* _What the task asks_: The required answer is an exact copy of every line from the beginning of the entries through the line with "5. Система Android", with all pictures omitted.

* _The records_:
+-------+

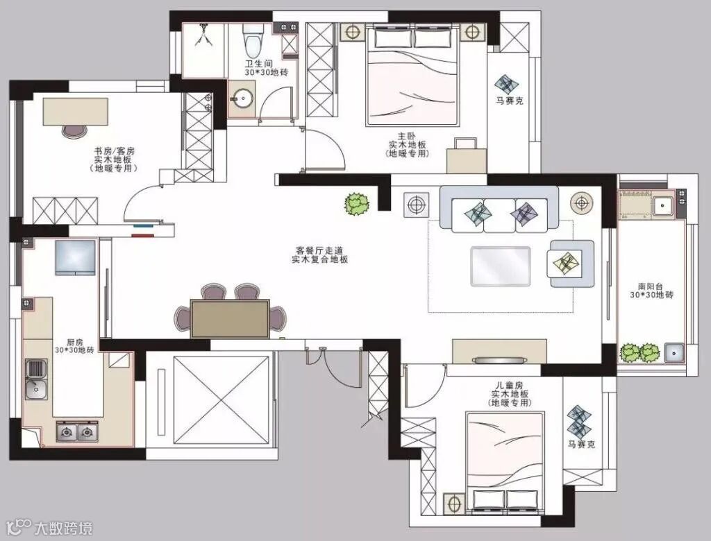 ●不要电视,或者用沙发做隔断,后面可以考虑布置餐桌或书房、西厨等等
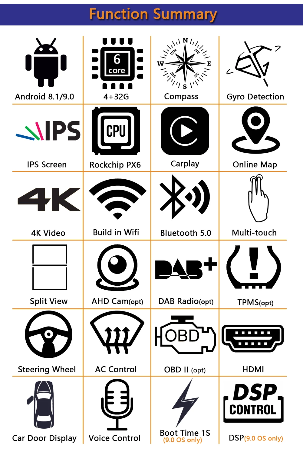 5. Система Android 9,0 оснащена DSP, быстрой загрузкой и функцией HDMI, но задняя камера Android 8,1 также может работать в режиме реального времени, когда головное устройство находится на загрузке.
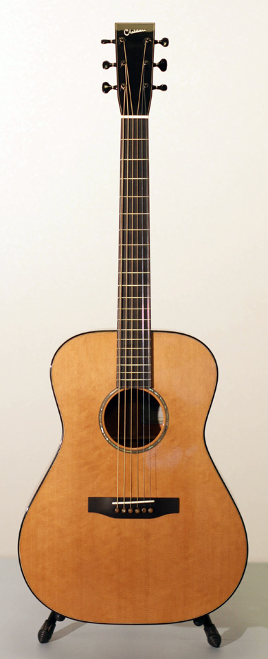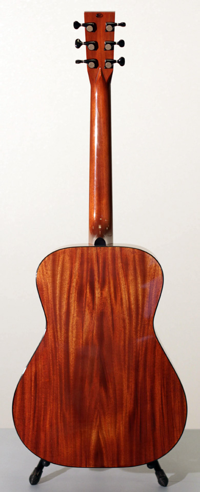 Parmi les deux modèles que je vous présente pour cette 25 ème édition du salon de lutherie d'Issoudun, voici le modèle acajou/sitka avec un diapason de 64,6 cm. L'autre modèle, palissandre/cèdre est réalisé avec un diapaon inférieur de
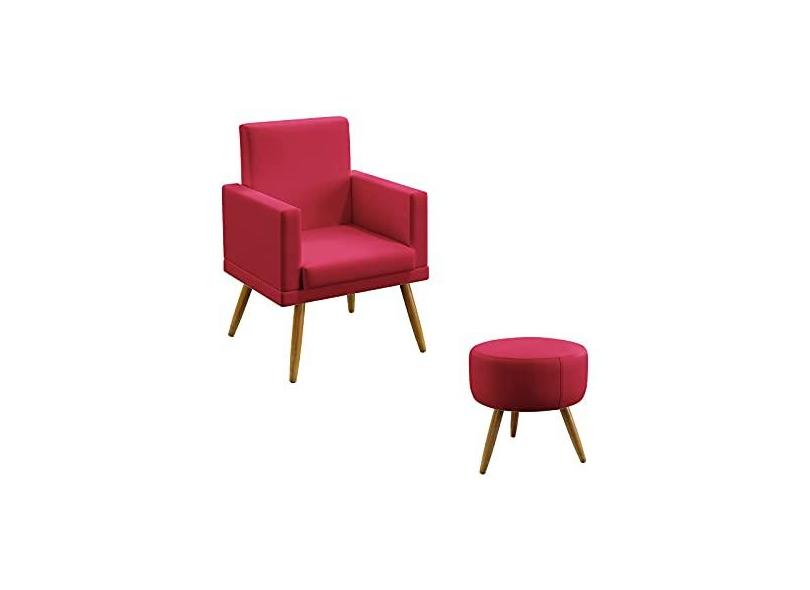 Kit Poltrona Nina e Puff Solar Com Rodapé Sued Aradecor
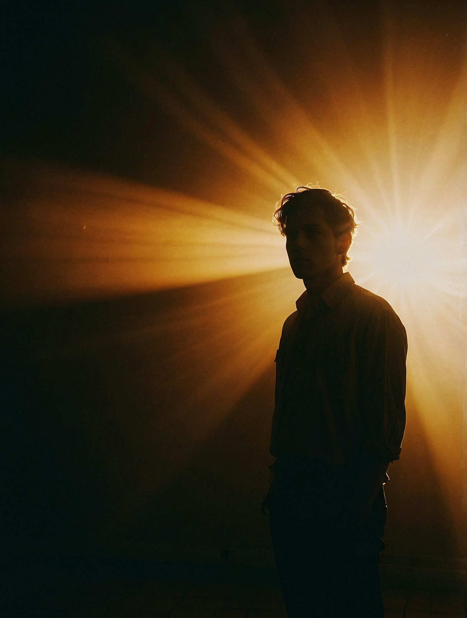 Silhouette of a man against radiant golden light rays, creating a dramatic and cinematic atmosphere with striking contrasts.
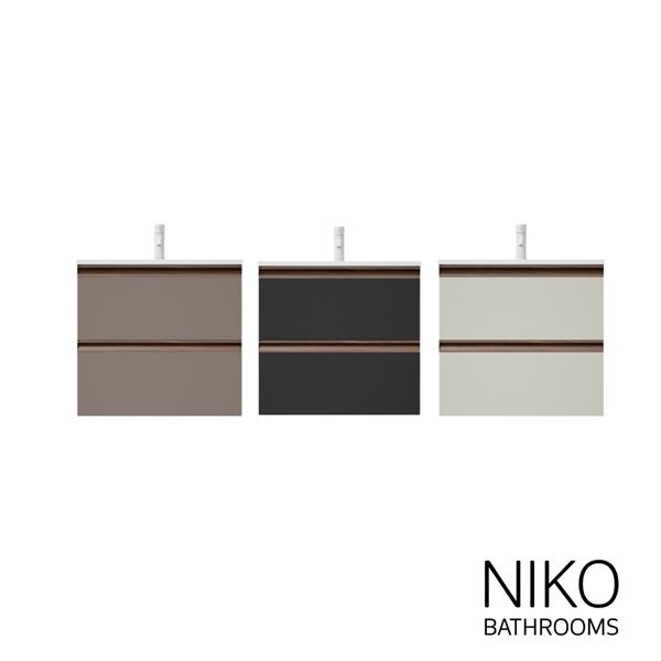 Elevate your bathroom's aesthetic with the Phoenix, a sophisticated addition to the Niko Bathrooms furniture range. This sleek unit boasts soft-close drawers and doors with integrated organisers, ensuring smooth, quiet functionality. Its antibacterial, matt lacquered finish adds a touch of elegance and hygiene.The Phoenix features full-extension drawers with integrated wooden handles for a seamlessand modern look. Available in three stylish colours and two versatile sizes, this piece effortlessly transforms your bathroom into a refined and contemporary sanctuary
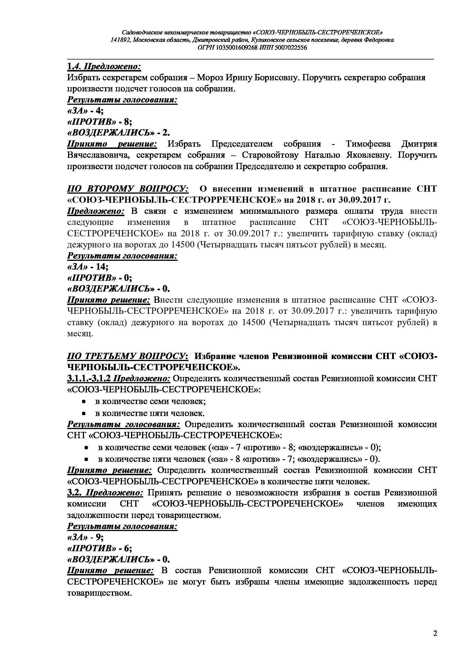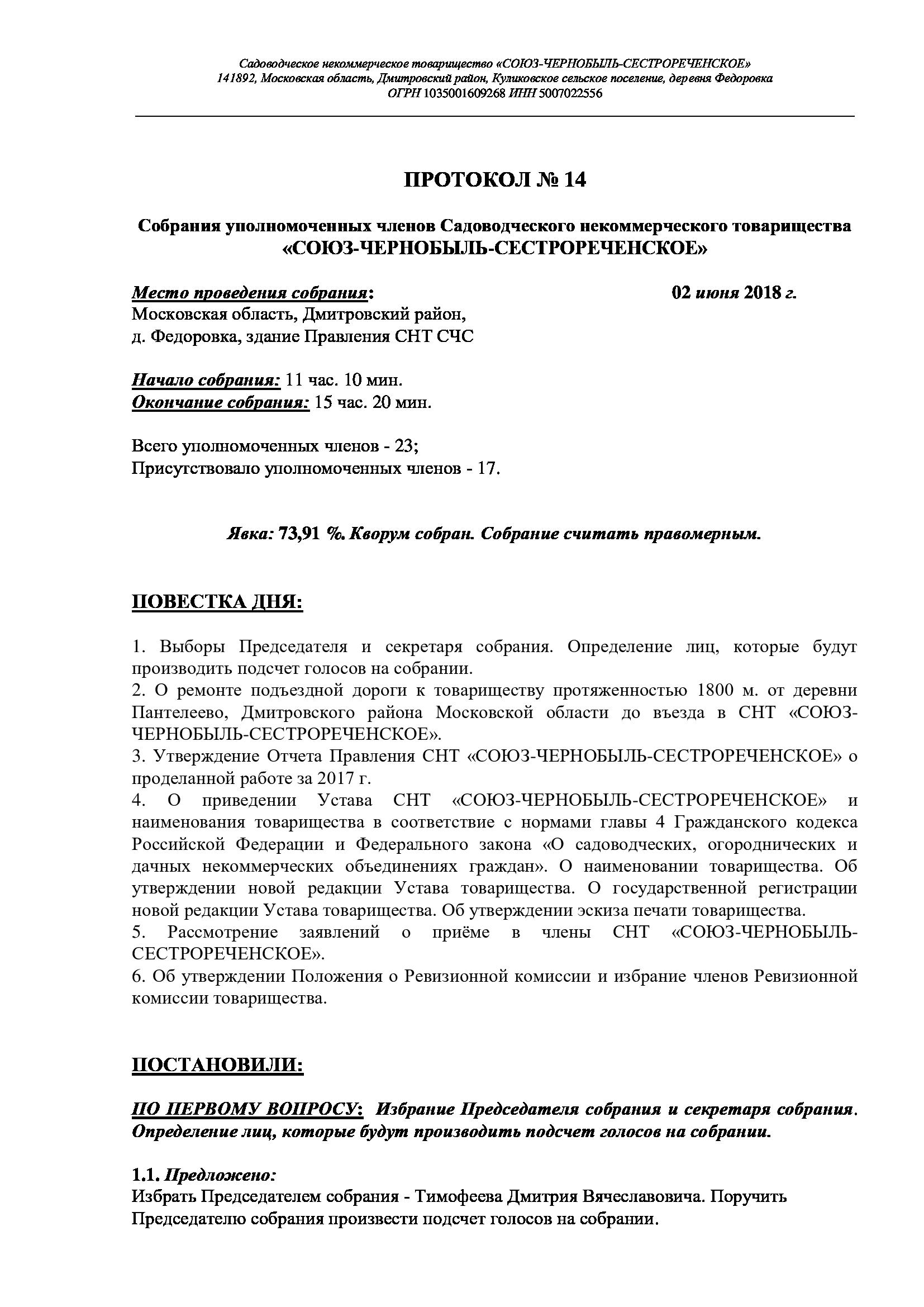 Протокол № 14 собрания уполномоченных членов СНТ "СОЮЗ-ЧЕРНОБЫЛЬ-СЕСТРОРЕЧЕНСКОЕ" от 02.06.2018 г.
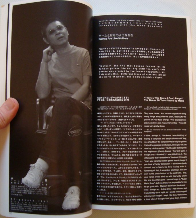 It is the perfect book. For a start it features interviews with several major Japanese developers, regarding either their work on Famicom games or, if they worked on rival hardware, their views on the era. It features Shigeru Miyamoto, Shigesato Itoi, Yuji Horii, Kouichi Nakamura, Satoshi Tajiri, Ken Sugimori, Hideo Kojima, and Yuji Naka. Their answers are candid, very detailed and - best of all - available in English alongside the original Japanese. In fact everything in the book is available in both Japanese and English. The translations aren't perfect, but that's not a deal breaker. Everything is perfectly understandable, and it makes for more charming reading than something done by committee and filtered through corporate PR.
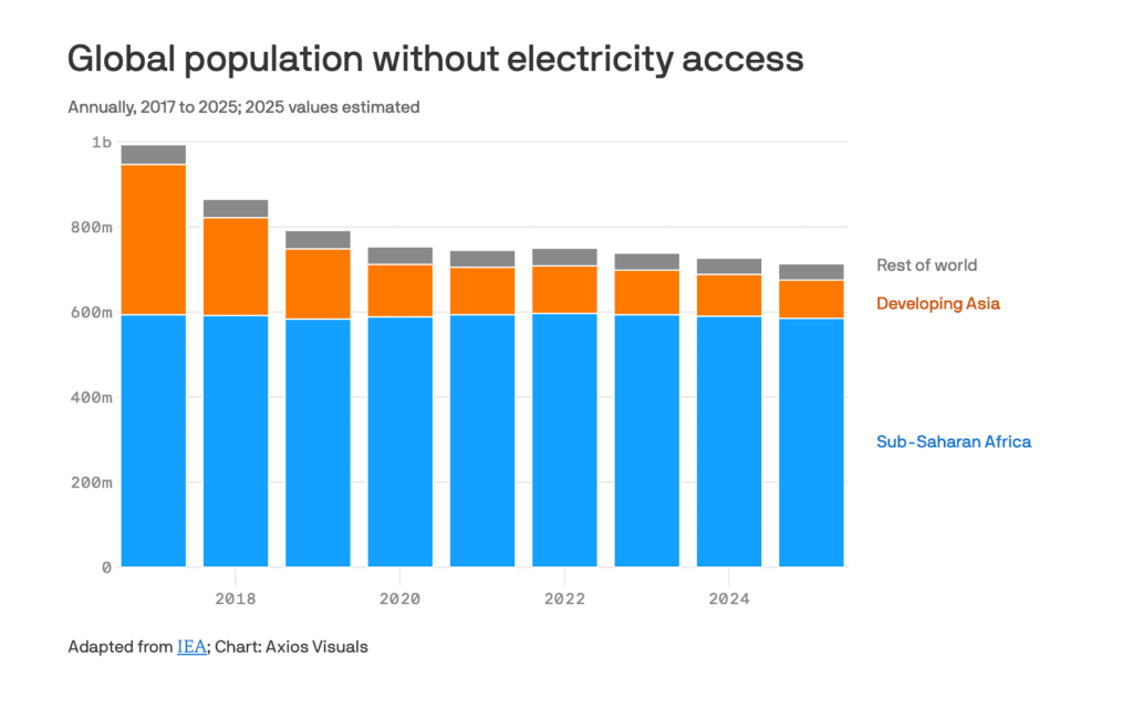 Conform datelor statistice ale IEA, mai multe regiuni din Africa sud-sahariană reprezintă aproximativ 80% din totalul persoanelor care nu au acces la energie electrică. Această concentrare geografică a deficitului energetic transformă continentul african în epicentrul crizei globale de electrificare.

+-------+

* _Solved exercise_:
 ●不要电视,或者用沙发做隔断,后面可以考虑布置餐桌或书房、西厨等等
 5. Система Android 9,0 оснащена DSP, быстрой загрузкой и функцией HDMI, но задняя камера Android 8,1 также может работать в режиме реального времени, когда головное устройство находится на загрузке.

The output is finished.